YOUR TASK:
Restate the listing below exactly, images excluded.

DATA BLOCK:
==========
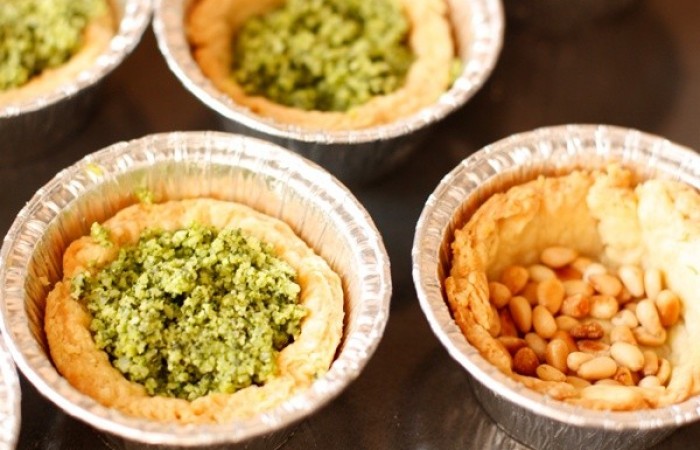 9В тарталетки выкладываем обжаренные орехи, а затем соус песто.
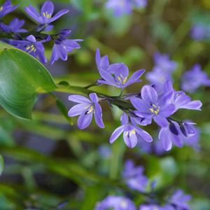 【水葵】《ミズアオイ科》 花言葉 「前途洋々」 別名(古名) ナギ(菜葱・水葱) ミズアオイはナギ(菜葱・水葱)とも呼ばれる植物です。 ミズアオイの若い芽や葉を塩ゆでにし、食用としたところからナギ(菜葱)という名前がついたと言われます。 また、九州地方ではミズアオイの葉や茎を煎じ、胃潰瘍の薬として用いられていたこともありました。 ミズアオイの青紫の花は染物に使われていたこともあり、かつては、そこかしこに咲き乱れる花だったことがうかがえます。 芽生えたばかりのミズアオイの葉は、笹のように細く尖った形をしていますが、成長するにつれ光沢のあるハート型のかたちになります。 ミズアオイの名は、葉がフタバアオイの葉のかたちに似ているところから、水辺のアオイ「ミズアオイ」と呼ばれるようになりました。 花の大きさはおよそ3センチ。花びらが6枚あり、中心には1本の雌しべに対し6本の雄しべがあります。6本の雄しべのうち5本は黄色く、残りの1本は濃い紫色をしているのが特徴です。 絶滅危惧種ではありますが、種の生命力は強く、何十年と休眠していても生育環境が整えば発芽する植物です。
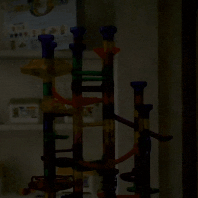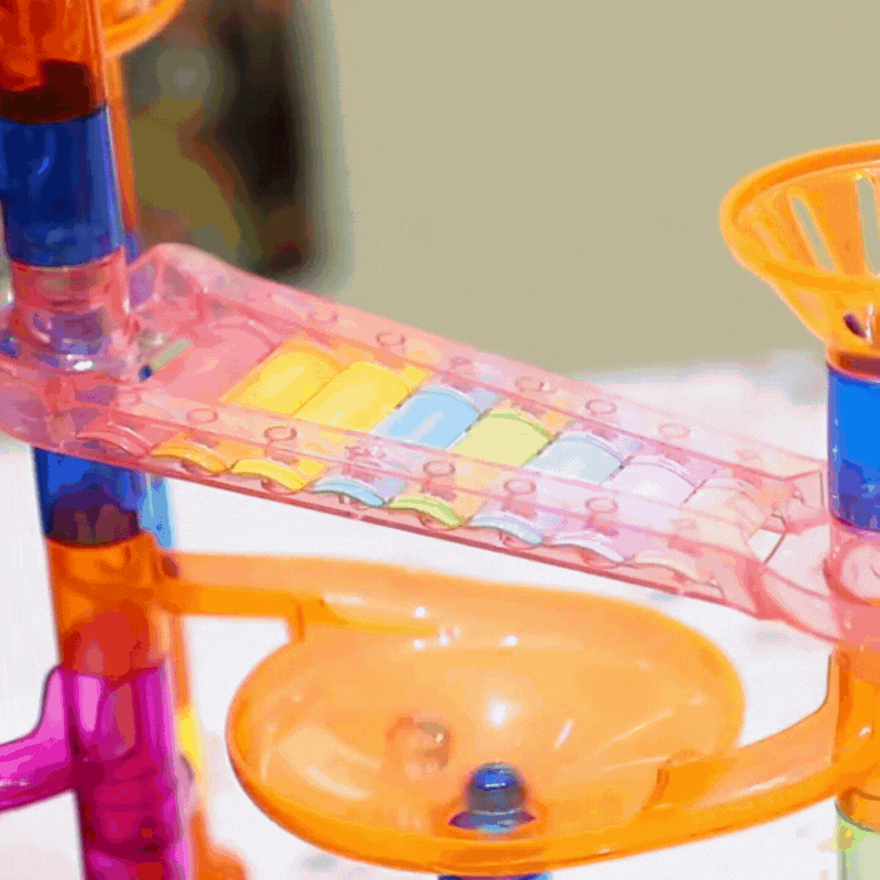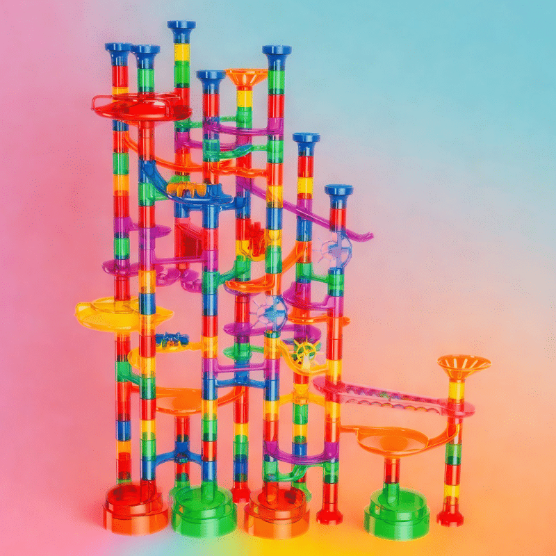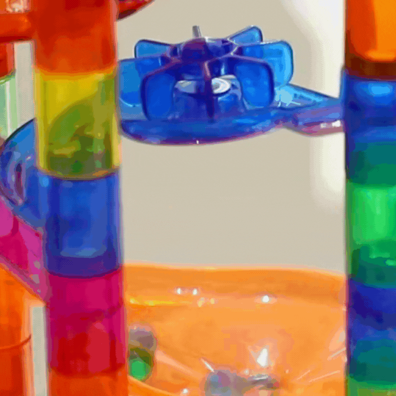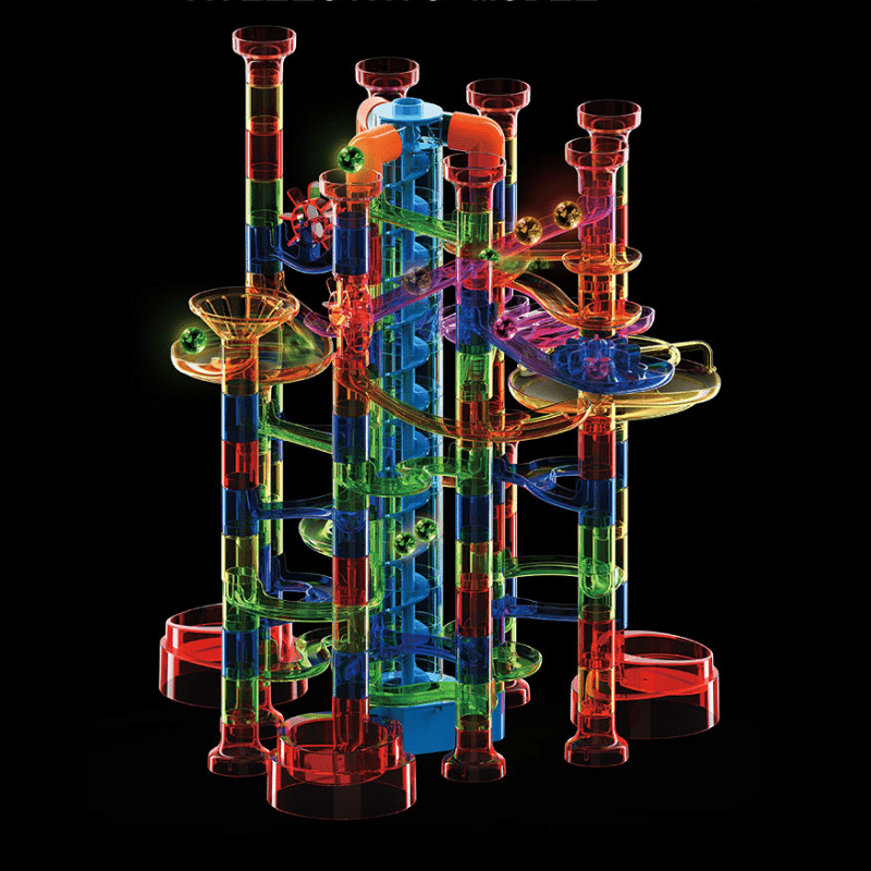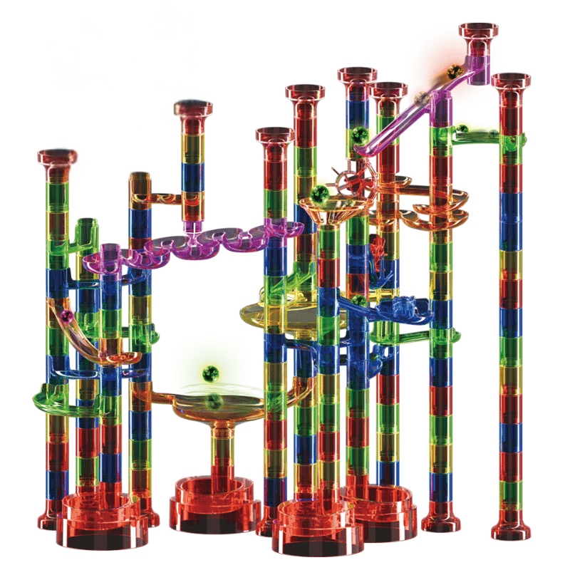 Barevná věž z plastových dílů určená pro marble run, skládající se z průhledných barevných trubek a drah, po kterých se pohybují malé kuličky v různých směrech.
==========
RESPONSE TO THE EXERCISE:
 9В тарталетки выкладываем обжаренные орехи, а затем соус песто.
 【水葵】《ミズアオイ科》 花言葉 「前途洋々」 別名(古名) ナギ(菜葱・水葱) ミズアオイはナギ(菜葱・水葱)とも呼ばれる植物です。 ミズアオイの若い芽や葉を塩ゆでにし、食用としたところからナギ(菜葱)という名前がついたと言われます。 また、九州地方ではミズアオイの葉や茎を煎じ、胃潰瘍の薬として用いられていたこともありました。 ミズアオイの青紫の花は染物に使われていたこともあり、かつては、そこかしこに咲き乱れる花だったことがうかがえます。 芽生えたばかりのミズアオイの葉は、笹のように細く尖った形をしていますが、成長するにつれ光沢のあるハート型のかたちになります。 ミズアオイの名は、葉がフタバアオイの葉のかたちに似ているところから、水辺のアオイ「ミズアオイ」と呼ばれるようになりました。 花の大きさはおよそ3センチ。花びらが6枚あり、中心には1本の雌しべに対し6本の雄しべがあります。6本の雄しべのうち5本は黄色く、残りの1本は濃い紫色をしているのが特徴です。 絶滅危惧種ではありますが、種の生命力は強く、何十年と休眠していても生育環境が整えば発芽する植物です。
 Barevná věž z plastových dílů určená pro marble run, skládající se z průhledných barevných trubek a drah, po kterých se pohybují malé kuličky v různých směrech.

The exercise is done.